___ The data

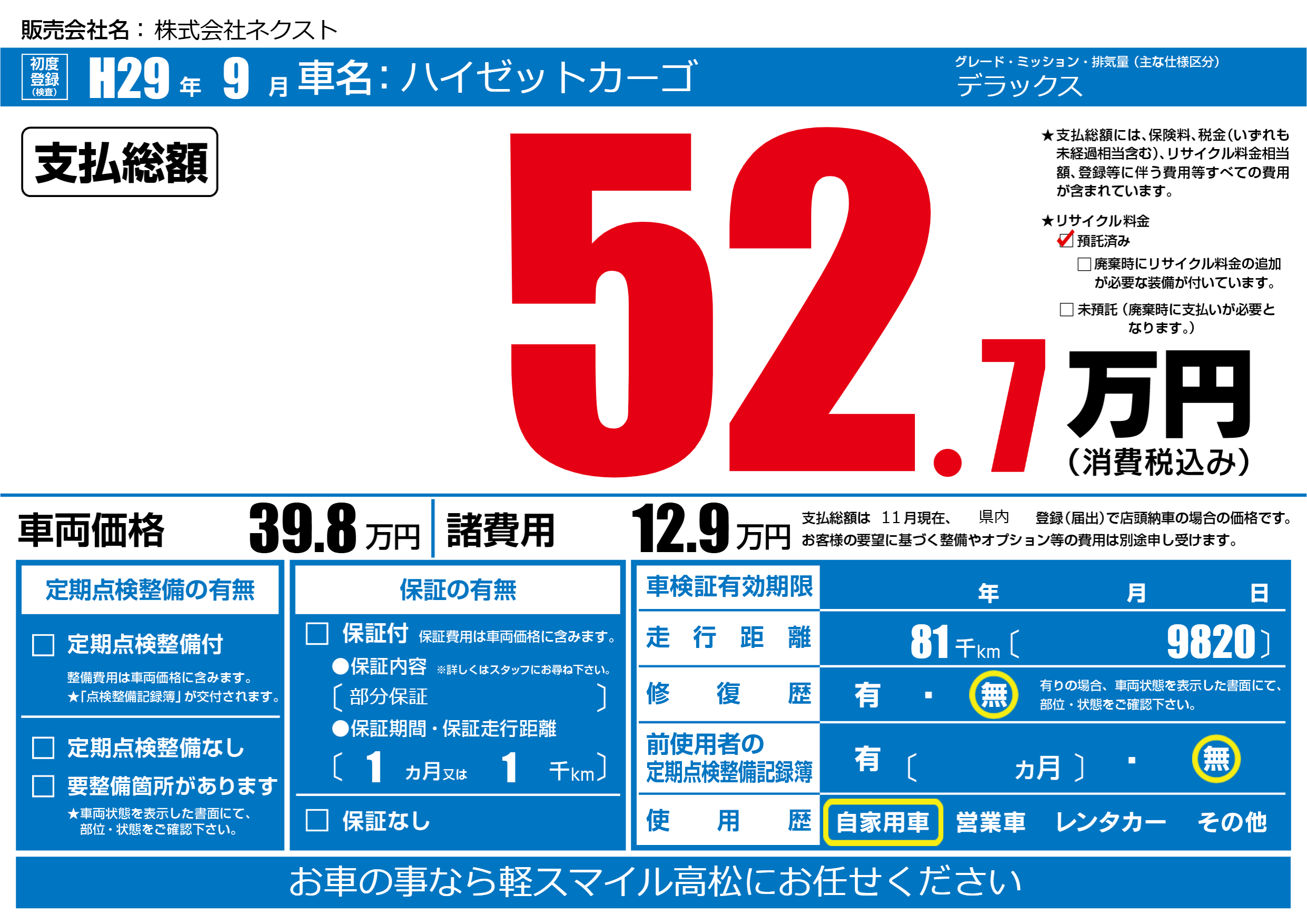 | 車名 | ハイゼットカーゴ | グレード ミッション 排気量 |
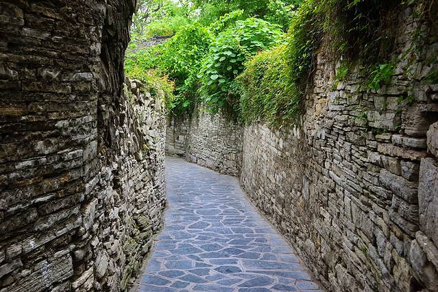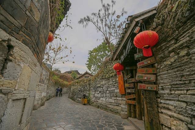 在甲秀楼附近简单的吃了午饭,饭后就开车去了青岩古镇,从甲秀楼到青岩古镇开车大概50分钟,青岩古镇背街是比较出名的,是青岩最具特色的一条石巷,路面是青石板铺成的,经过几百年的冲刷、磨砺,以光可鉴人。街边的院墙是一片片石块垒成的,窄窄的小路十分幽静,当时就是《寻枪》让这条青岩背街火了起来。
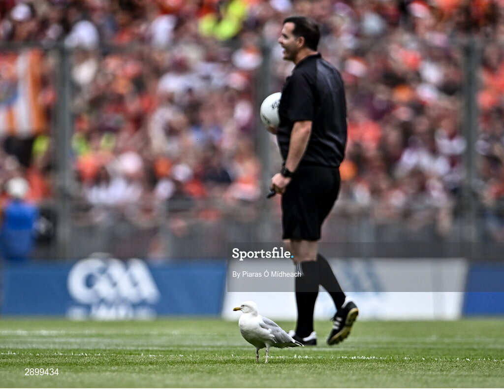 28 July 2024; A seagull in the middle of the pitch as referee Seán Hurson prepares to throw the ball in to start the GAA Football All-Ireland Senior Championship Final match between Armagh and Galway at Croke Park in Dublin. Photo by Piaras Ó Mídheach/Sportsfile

______
___ The data

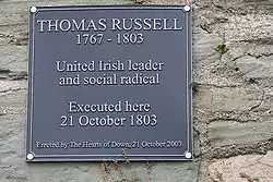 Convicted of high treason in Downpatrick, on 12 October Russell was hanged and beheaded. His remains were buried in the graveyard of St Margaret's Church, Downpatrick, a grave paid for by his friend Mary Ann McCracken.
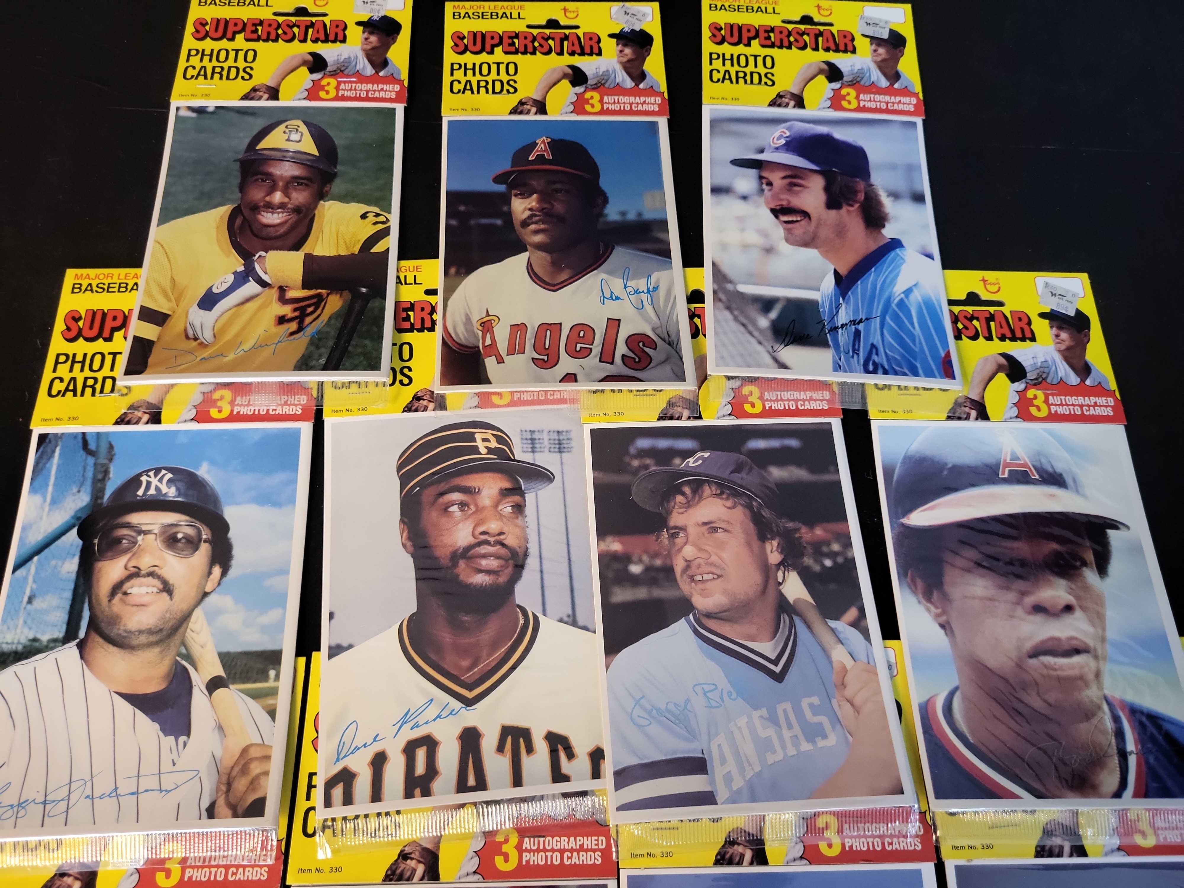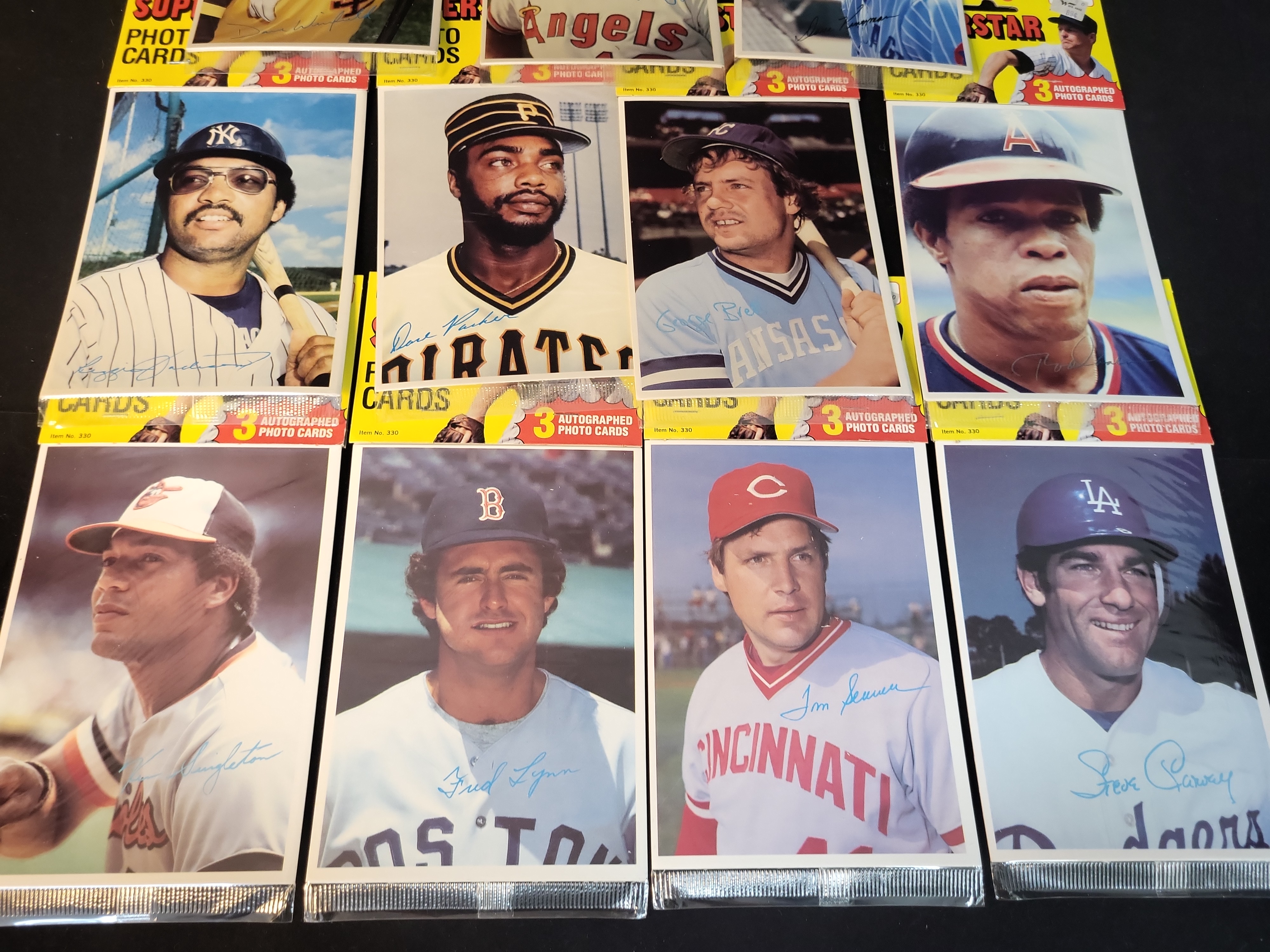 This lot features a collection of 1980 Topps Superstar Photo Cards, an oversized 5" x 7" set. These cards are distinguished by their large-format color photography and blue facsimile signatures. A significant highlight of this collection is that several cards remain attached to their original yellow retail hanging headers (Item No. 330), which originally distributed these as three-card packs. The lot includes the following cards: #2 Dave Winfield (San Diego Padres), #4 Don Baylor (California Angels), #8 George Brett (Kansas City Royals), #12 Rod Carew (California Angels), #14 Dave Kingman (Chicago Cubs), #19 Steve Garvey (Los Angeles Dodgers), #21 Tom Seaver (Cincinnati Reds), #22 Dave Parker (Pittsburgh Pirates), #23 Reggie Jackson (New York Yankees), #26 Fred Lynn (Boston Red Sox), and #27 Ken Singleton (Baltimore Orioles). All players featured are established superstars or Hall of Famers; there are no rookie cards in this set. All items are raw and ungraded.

______

Goal of the exercise |
Using the material above, reproduce only the lines that run from the line with "ミッション 排気量 |" up to and including the line with "在甲秀楼附近简单的吃了午饭,饭后就开车去", exactly, with the pictures dropped.

Answer to this exercise |
 | 車名 | ハイゼットカーゴ | グレード ミッション 排気量 |
 在甲秀楼附近简单的吃了午饭,饭后就开车去了青岩古镇,从甲秀楼到青岩古镇开车大概50分钟,青岩古镇背街是比较出名的,是青岩最具特色的一条石巷,路面是青石板铺成的,经过几百年的冲刷、磨砺,以光可鉴人。街边的院墙是一片片石块垒成的,窄窄的小路十分幽静,当时就是《寻枪》让这条青岩背街火了起来。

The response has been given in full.